SUM180 member Doreen McGettigan recently asked, “What type of life insurance (term or whole life) would you suggest for a self-employed, married 58-year-old woman. Healthy except for high blood pressure, controlled with meds?”

SUM180 member Doreen McGettigan recently asked, “What type of life insurance (term or whole life) would you suggest for a self-employed, married 58-year-old woman. Healthy except for high blood pressure, controlled with meds?”

I think a lot of people have this question, so I’d like to share my answer for Doreen with the entire community.

First, a disclaimer. I can provide some insight for on Doreen’s question based on the information she offered given, but specific advice for her requires knowing more about her overall financial picture.

Now, to answer Doreen’s question.

First, term insurance is for when you have someone to protect. For instance, it should be put in place when you are married and do not have enough savings/investments to support your spouse’s living expenses if you die. You should determine how much support is needed annually, for how many years, and that will be the amount of the policy you should put in place, and the term of the policy is how long you think the protection will need to last. Be sure to cancel your term insurance when other assets have grown to where the term insurance is no longer needed.

Another example is that term insurance should be put in place when you have children, if you do not have enough savings/investments to support their living expenses until they grow up if you die.
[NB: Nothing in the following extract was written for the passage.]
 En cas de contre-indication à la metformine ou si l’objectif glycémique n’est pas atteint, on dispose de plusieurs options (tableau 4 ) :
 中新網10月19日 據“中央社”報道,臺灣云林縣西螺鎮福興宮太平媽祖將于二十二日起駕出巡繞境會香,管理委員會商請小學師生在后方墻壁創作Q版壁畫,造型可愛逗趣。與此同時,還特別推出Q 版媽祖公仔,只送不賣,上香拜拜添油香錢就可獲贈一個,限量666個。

Again here, you should determine how much support is needed annually, for how many years, and that will be the amount of the policy you should put in place, and the term of the policy is how long you think the protection will need to last. It is a good idea to ensure the policy term covers children well through college, so a 20 or 30 year policy is best. It can always be cancelled when it is no longer needed.
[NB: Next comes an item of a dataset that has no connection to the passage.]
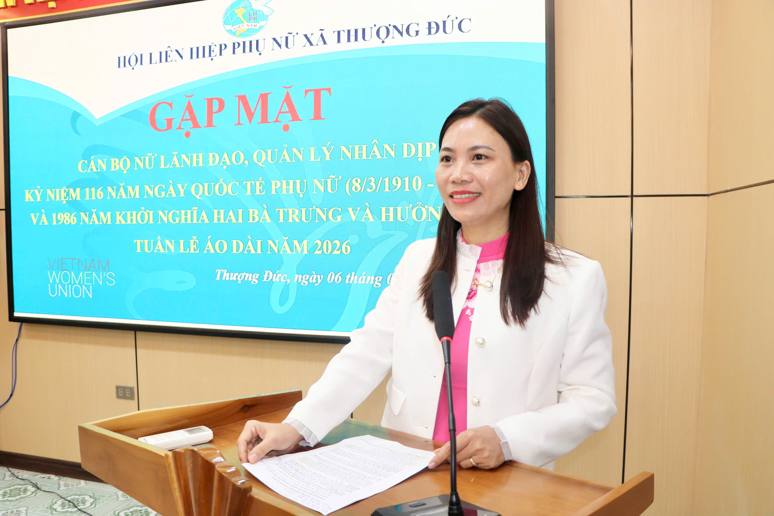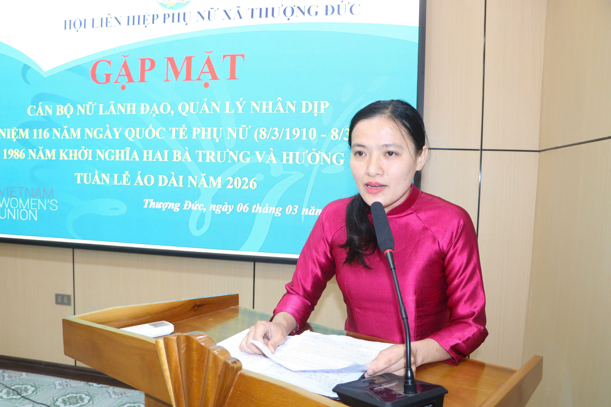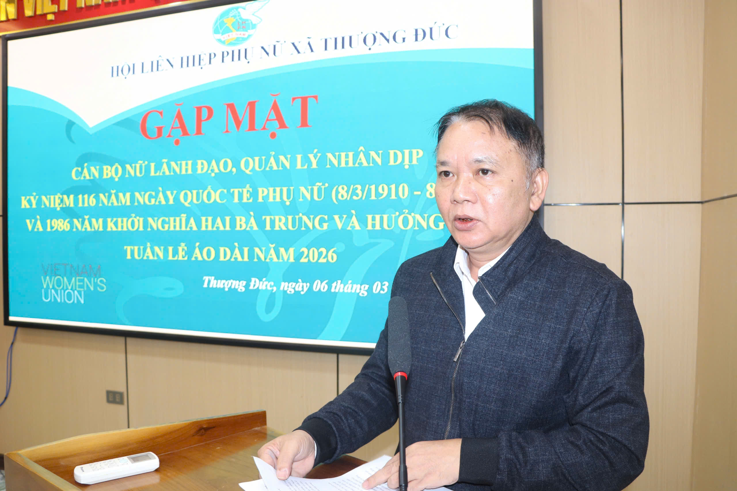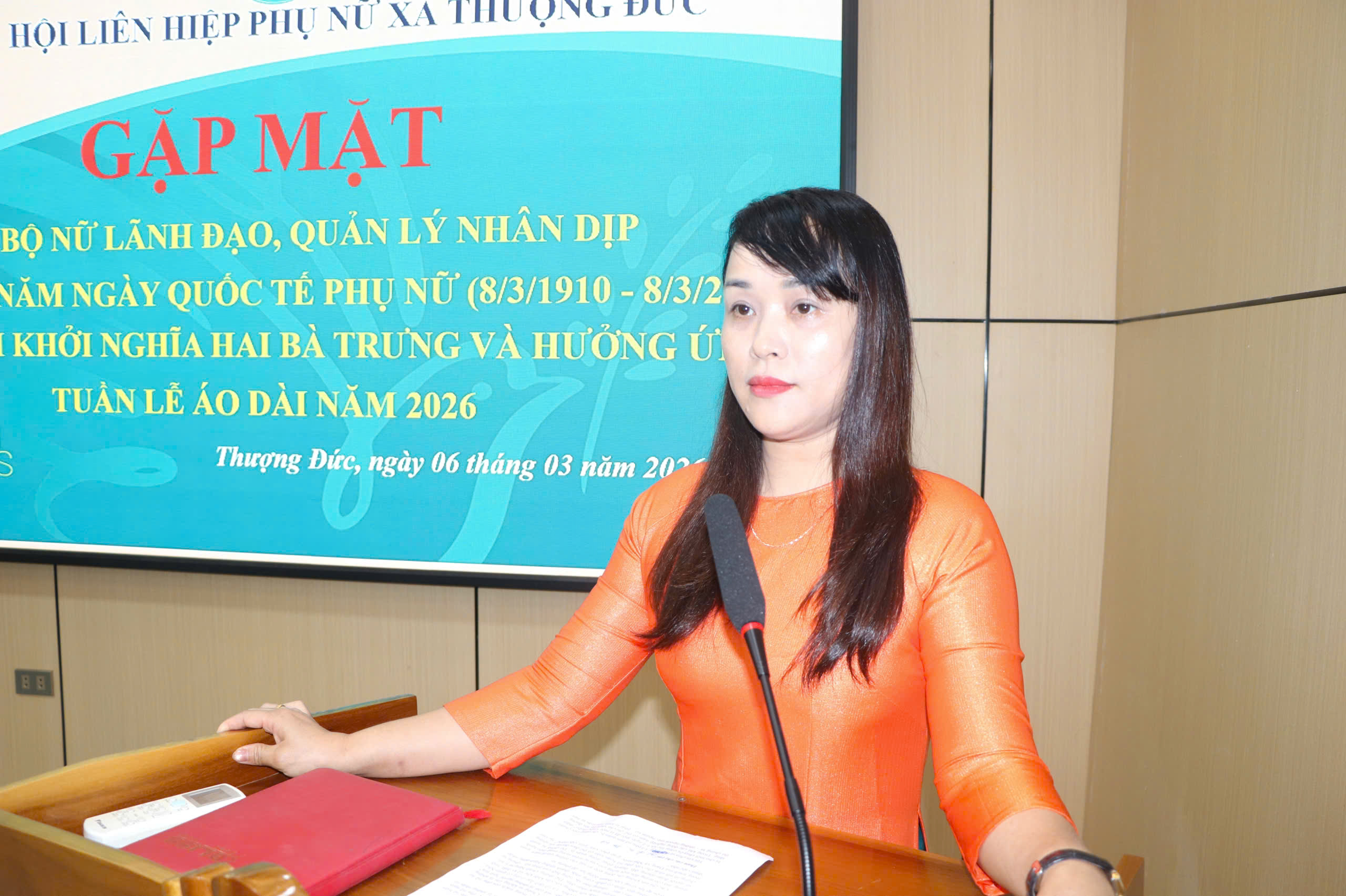 Phát biểu tại buổi gặp mặt, đồng chí Lê Thanh Yên- UVBTV, Chủ tịch Ủy ban MTTQ xã đã gửi lời chúc mừng tốt đẹp tới toàn thể cán bộ nữ lãnh đạo, quản lý và hội viên phụ nữ nhân dịp kỷ niệm 116 năm Ngày Quốc tế Phụ nữ 8/3 và 1986 năm Khởi nghĩa Hai Bà Trưng. Đồng chí ghi nhận và biểu dương những đóng góp tích cực của phụ nữ xã Thượng Đức trong thời gian qua trên các lĩnh vực công tác, đặc biệt là sự năng động, sáng tạo của đội ngũ cán bộ nữ trong thực hiện nhiệm vụ chính trị, phát triển kinh tế - xã hội, xây dựng gia đình hạnh phúc và tham gia các phong trào thi đua tại địa phương.

Term insurance is also used to eliminate a debt you want cancelled upon your death. For example, if you want to be sure your home is paid off when you die, term insurance can be structured to accomplish that. Resolving business debt would be another use of term insurance.

If you don’t have someone that you need to support or a debt to eliminate if you die, you probably don’t need term insurance.
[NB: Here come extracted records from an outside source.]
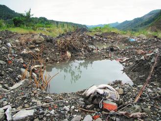 高雄縣甲仙鄉小林村遺址,疑似遭歹徒以機具開挖,罹難村民的鞋子等遺物,橫陳在積水的坑洞旁。圖片來源:臺灣《聯合報》
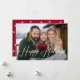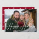 Carte photo de vacances moderne avec "Happy Holidays" affiché dans un script blanc manuscrit superposant votre photo horizontale. Personnalisez le devant du carte photo de vacances avec votre nom de famille et l'année. La carte revient à un motif de flocon rouge et blanc.
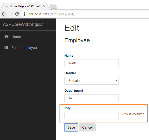 If we miss any fields while editing employee records, then Edit view will also throw required field validation error message as shown in the image below.

As for whole life, term insurance is usually better and less expense for addressing the need than whole life. The extra premium you pay for whole life, with the expectation of having a cash value at the time that it is cancelled, is generally higher than just taking the extra funds and investment them in a low cost investment account with a quality money management company, like a Vanguard, Fidelity or T. Rowe Price.

If, like Doreen, you are considering obtaining life insurance, I hope this helps!